Gazi Üniversitesi İktisadi ve İdari Bilimler Fakültesi bünyesinde faaliyet gösteren bir üniversite tiyatro kulübü olan Tiyatro Akademi’nin devamı niteliğinde, Tiyatro Akademi Mezunlarının kurmuş olduğu bir oluşumdur.

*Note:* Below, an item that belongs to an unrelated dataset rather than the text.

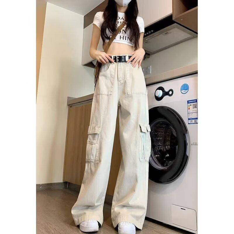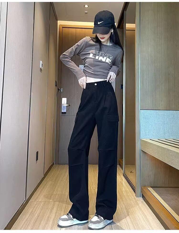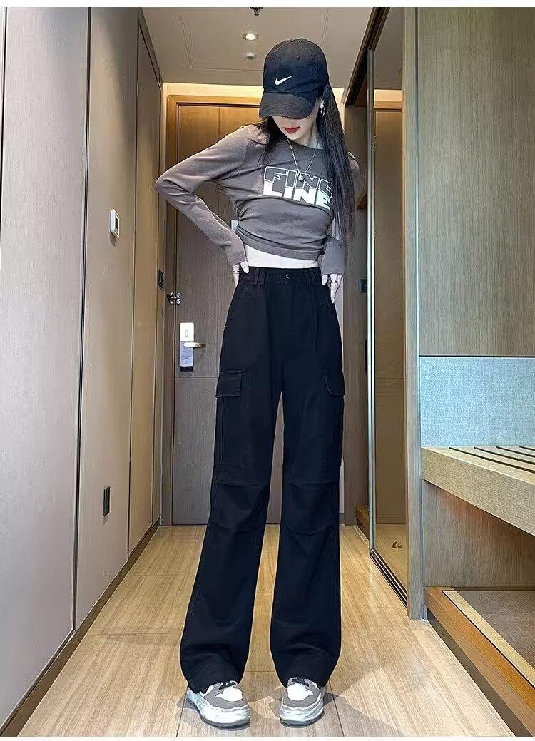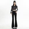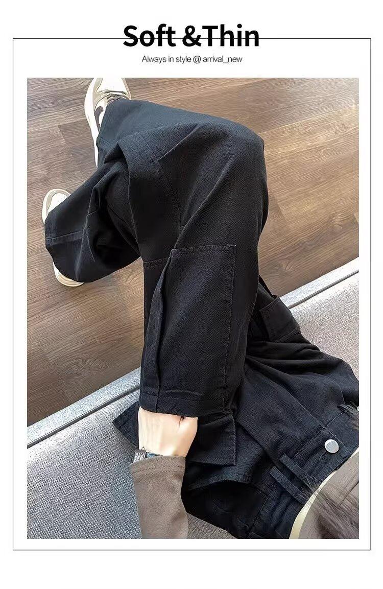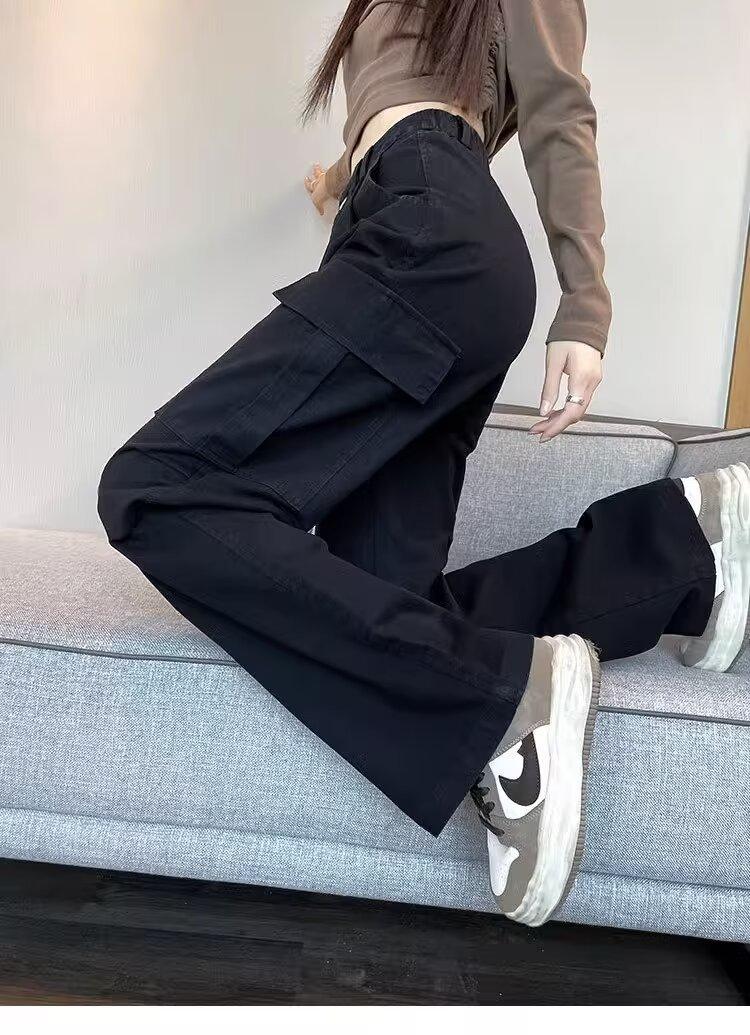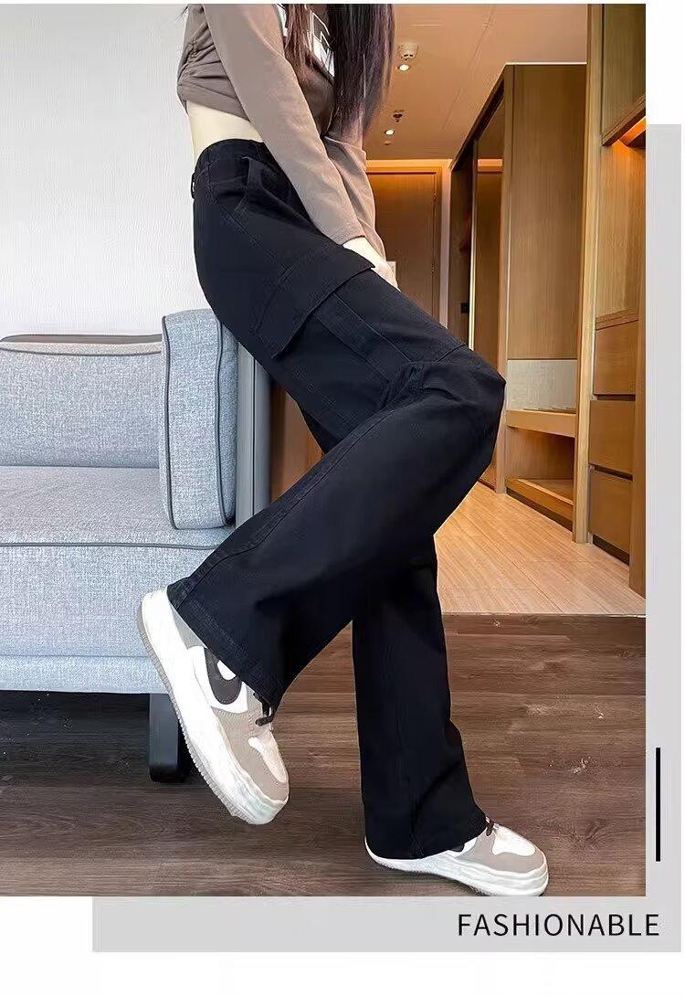 2024 primavera y otoño nuevo negro cintura alta mezclilla pantalones acampanados para mujer funcional viento slim gris chicas sexys overol

Tiyatro TAM ne zaman ve nasıl kuruldu?

Üniversite öğrenimi sırasında tiyatro topluluklarında yer almış öğrencilerin, mezuniyet sonrası da devam eden üretme, sanatta etkin olma ve sanata katkı sağlama isteği, Ankara için bir mezunlar sanat platformu ihtiyacını ortaya çıkarmıştı. Bu eksikliği hisseden Ankara’nın pek çok üniversitesinden mezun, 13 Temmuz 2012’de Tam Sanat Derneği’ni ve ardından Tiyatro TAM’ı kurmuş oldu. Tiyatro gönüllülerini de bünyesine dahil ederek genişledi ve bugünlere geldi.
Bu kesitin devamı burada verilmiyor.